- Measures aimed at four Chinese nationals and one entity
- Beijing denies that any personal freedoms have been restricted
The European Union signed off on a slate of punitive measures over human rights abuses including sanctions aimed at China.
“The violations targeted today include the large-scale arbitrary detentions of, in particular, Uyghurs in Xinjiang in China,” according to an EU statement on Monday. “The sanctions signal the EU’s strong determination to stand up for human rights and to take tangible action against those responsible for violations and abuses.”
The EU move to sanction the officials is likely to be mostly symbolic. While the U.S. has imposed sanctions on a number of Communist Party officials -- including two Politburo members -- the measures haven’t impacted China’s economy or changed its behavior.
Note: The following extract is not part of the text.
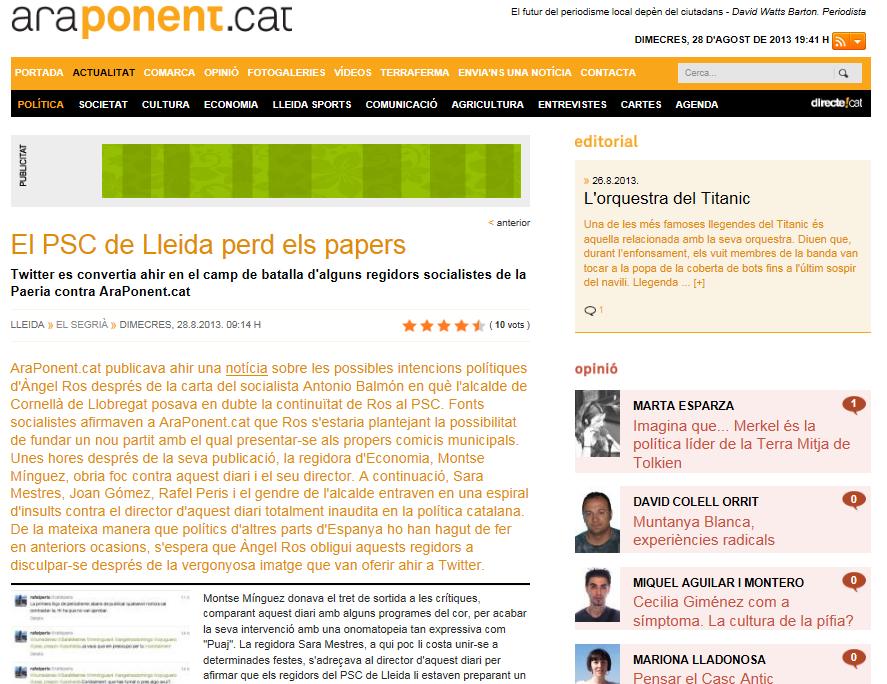 En darrer terme, el gendre d'Àngel Ros i, al mateix temps, cap de gabinet de l'alcaldia, José Crespín, es posava una vegada més en la vida íntima del director d'AraPonent.cat mitjançant atacs personals, la qual cosa és d'una gravetat fora de dubte, més si tenim en compte el seu càrrec i, també, que la vida personal del director d'aquest diari no té cap mena de conseqüència ni influència en la societat lleidatana, a diferència de la seva.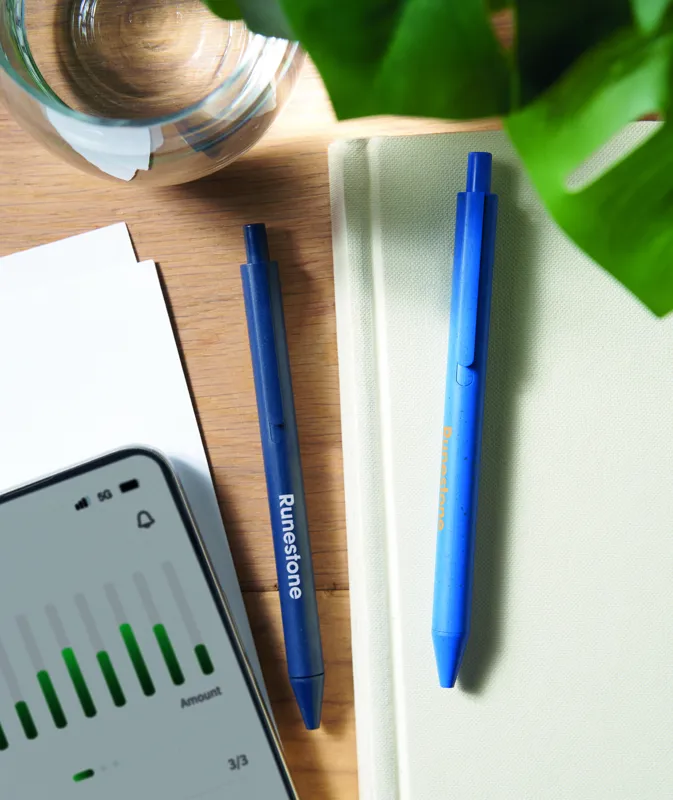 PECAS Szalma / ABS nyomógombos toll közép kék

The measures are aimed at four Chinese nationals and one entity, according to the regulations posted in the EU’s official journal. The broader sanctions would also target violations in Libya, Russia and Eritrea.
The EU action is part of a new human rights violation regime targeting abuses in different countries and regions. The new sanctions will affect 11 individuals and four entities. The bloc first used this approach against Russia earlier this year over the jailing of opposition leader Alexey Navalny.
Last week, China’s ambassador to the EU warned the bloc not to interfere in its national security affairs, saying sanctions could fuel a confrontation. Beijing has denied that any personal freedoms have been restricted and has touted the benefits to people living in the region.